In a sense, that is in line with other efforts by telcos to provide video entertainment without investing in traditional "home grown" video services. Many telcos have resold partner services, such as satellite TV offerings, to create triple play without creating a branded service "from scratch."
More recently, some telcos have started experimenting with offers based on streaming video, such as Hulu, as part of broadband access packages.
The Ooyala investment gives Telstra more revenue upside in the over the top video apps space, potentially important in the future if and when online video really starts to erode traditional subscription TV revenue.
Telstra and Ooyala apparently have not finalized thecommercial agreement, but it is expected that Telstra will become a major Ooyala customer and reseller, deploying Ooyala software, analytics and service offerings throughout Australia.

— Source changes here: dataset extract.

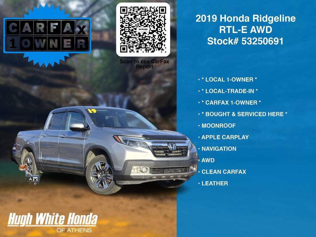 CARFAX VERIFIED 1-OWNER. Free CARFAX report! DESIRABLE FEATURES: * LOCAL 1-OWNER *, * CARFAX 1-OWNER *, * LOCAL-TRADE-IN *, * BOUGHT & SERVICED HERE *, APPLE CARPLAY, LEATHER, MOONROOF, NAVIGATION, CLEAN CARFAX, AWD, ANDROID AUTO, LANE-DEPARTURE WARNING, REMOTE START, HEATED-SEATS, TECH PKG, HEATED-STEERING WHEEL, PREMIUM AUDIO, TOW PKG, KEYLESS-START, BACKUP CAMERA, BLUETOOTH, BED LINER, BLIND-SPOT MONITORING, HOMELINK, BACKUP-SENSORS, ALLOY-WHEELS, FOG LAMPS, MULTI-ZONE AC, SiriusXM, Remote entry. Your 2019 Honda Ridgeline RTL-E AWD is perfect for daily work or weekend road trips to our neighboring communities of Athens.Hugh White Athens also offers extended vehicle service contracts so our Athens, OH area drivers enjoy a worry free used car, SUV or van ownership experience.

But there are other angles. One advantage of over the top applications and services, when offered by service providers, is that such services often can be sold and leveraged on a global basis, and not simply within the traditional cable or telco service boundaries.
That doesn’t mean that Telstra will attempt to do so, but its ownership in Ooyala means it will profit as Ooyala can do so.
So it is that Ooyala will use the new capital to fuel its market momentum with cable TV providers and TV programmers. Ooyala also expects to expand operations outside of the United States, building on its existing footprint in Europe, Asia, Australia and Latin America. Over half of Ooyala’s business is outside the United States.